Ahora quiero llevar la reflexión un poco más allá. La consideración del dinero público como res nullius no merece ya más que comentarios jocosos, y la idea de que los fondos públicos pertenecen a todos y han de ser objeto de un uso cuidadoso y de un severo control puede considerarse sólidamente asentada. Pero creo que hay que ir más allá y poner en cuestión el propio concepto de “dinero público”.
Un sindicalista francés consiguió cierta notoriedad hace algunos años defendiendo abiertamente que había que acabar con la crisis económica, y que si para ello hacía falta más dinero pues se imprimía más y asunto concluido. Pero la ortodoxia económica y fiscal, mal que bien, sigue funcionando y evitando derivas que conducen directamente a la ruina, como hemos visto en tantos casos.
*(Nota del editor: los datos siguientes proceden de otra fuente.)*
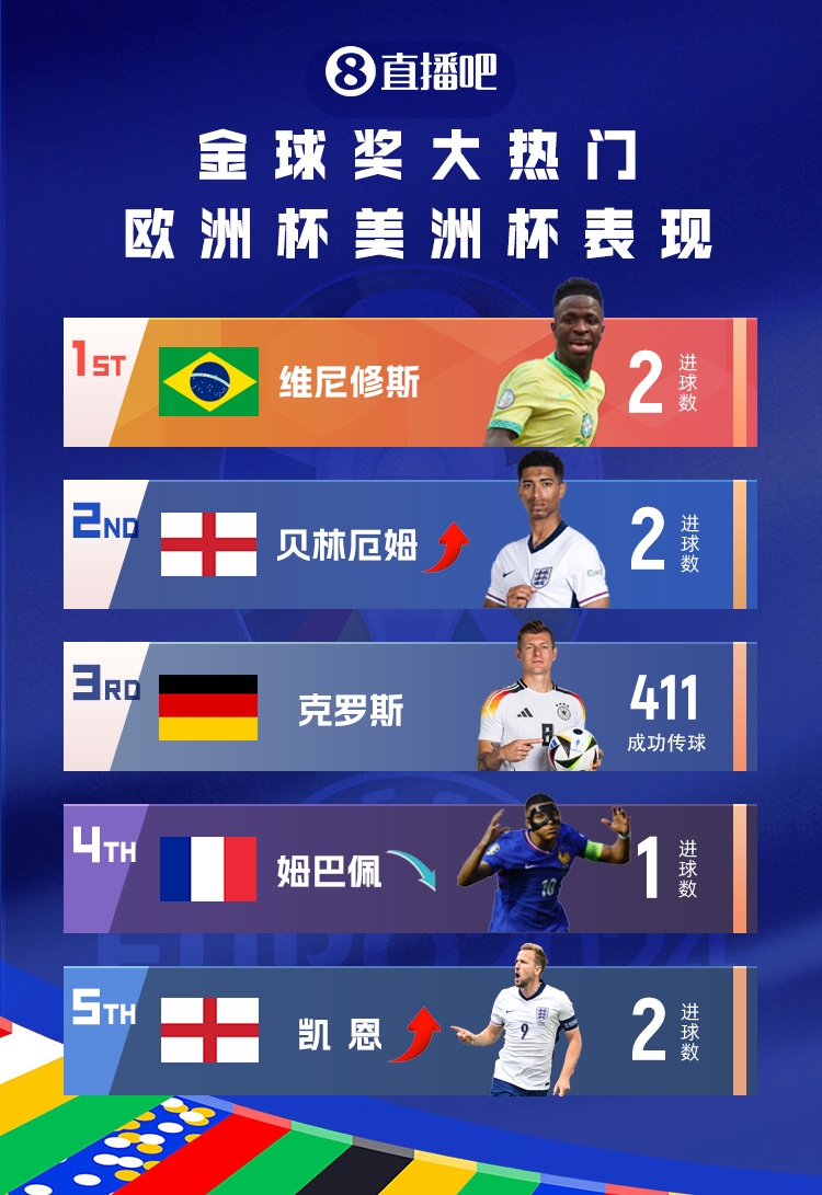 2024金球奖五大热门:贝林绝平⬆️姆巴佩0射正⏬克罗斯依旧超神

Los responsables políticos no tienen una máquina para crear dinero; el dinero lo crea la sociedad, a través del desarrollo de las actividades económicas creadoras de riqueza. Una parte de la riqueza o del dinero creado por la sociedad se detrae de los ciudadanos y de las empresas (por medio de los mecanismos fiscales correspondientes) y se pone a disposición de los poderes públicos, a los que se les encomiendasu gestión para asegurar los servicios que resultan necesarios para la vida en sociedad (incluyendo, con mayor o menor intensidad, un propósito redistributivo de la riqueza).
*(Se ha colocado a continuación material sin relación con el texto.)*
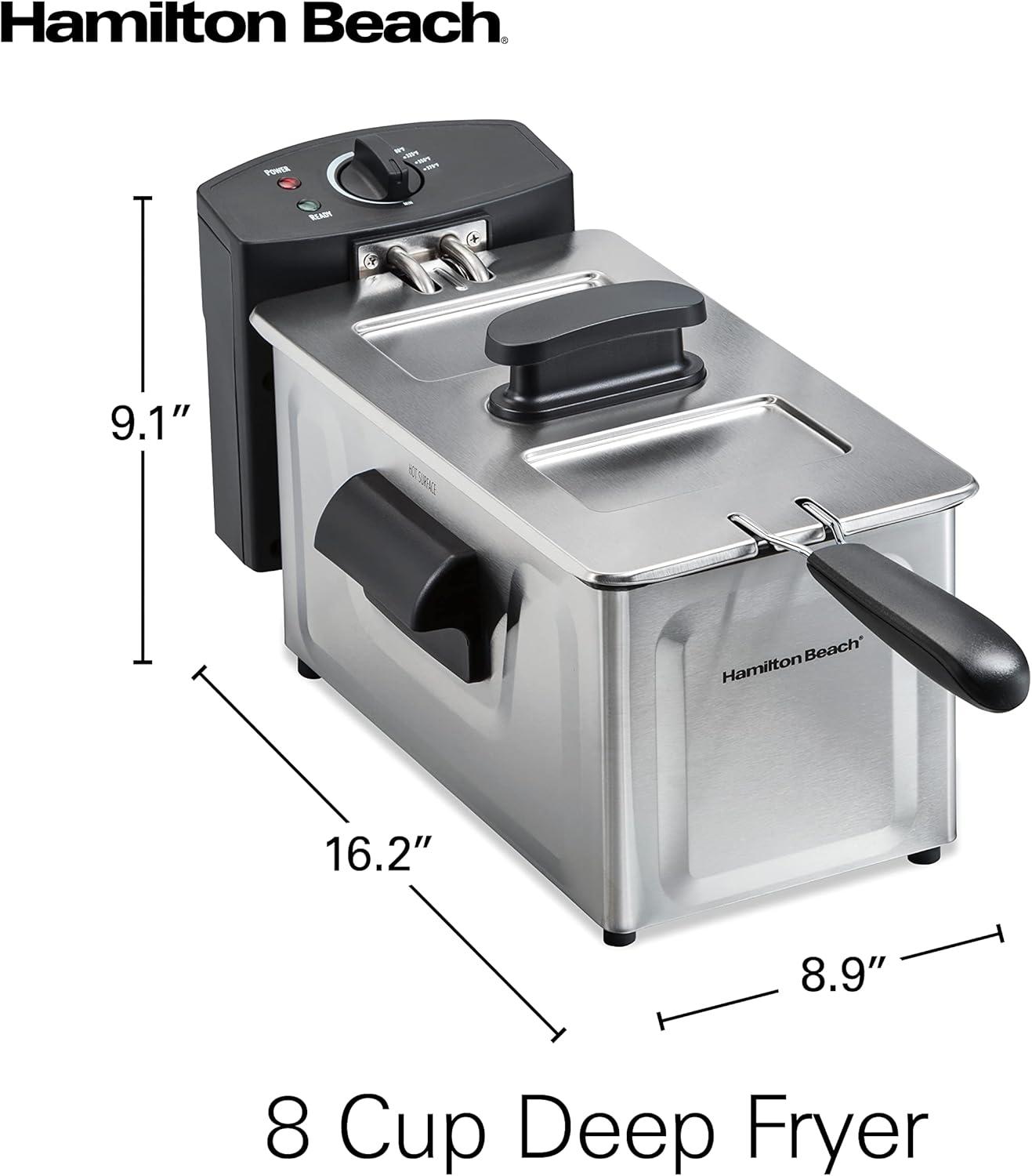 FAMILY-SIZE CAPACITY: This deep fryer with basket has an 8 cup oil capacity, so you can fry up to 6 cups of your favorite food in its chrome-plated frying basket.

Esas aportaciones, obligatorias, son detraídas por los mecanismos correspondientes y puestas a disposición de las entidades gestoras del sistema. Con mucha frecuencia se habla (incluso por los organismos interventores y por el Tribunal de Cuentas) de fondos públicos o de fondos de la Seguridad Social, olvidando que son fondos que provienen de empresas y trabajadores y cuya gestión se encomienda, para el cumplimiento de los fines públicos establecidos, a la Seguridad Social. El matiz puede ser decisivo, como vamos a ver.
Quienes piensan que el dinero manejado por las empresas autoaseguradoras es dinero de la Seguridad Social, que esta pone a su disposición para que colaboren en la gestión de los riesgos profesionales, sostendrán que los excedentes que puedan generarse son de la Seguridad Social. Si se sostiene que los fondos no son originariamente, por así decirlo, de la Seguridad Social sino que se le confía la gestión de los mismos, una vez aportados por las empresas, para el cumplimiento de los fines públicos establecidos, podrán aceptar que si parte de esos fondos aportados por las empresas no se aporta, asumiendo ellas la responsabilidad por las prestaciones (total, ya que han de quedar garantizadas sean o no suficientes los fondos retenidos), los posibles excedentes que se produzcan como consecuencia de la eficiencia en la gestión, deben ser atribuidos a esas mismas empresas (que ya han aportado un 31% de las cotizaciones correspondientes a las prestaciones cuya gestión se asume, a la Seguridad Social y que han de constituir una reserva de estabilización).
Este es un debate al que asistiremos más pronto o más tarde, y que depende, en última instancia, de si aceptamos que el dinero es público o defendemos que solo hay una gestión pública del dinero (siempre privado y no público).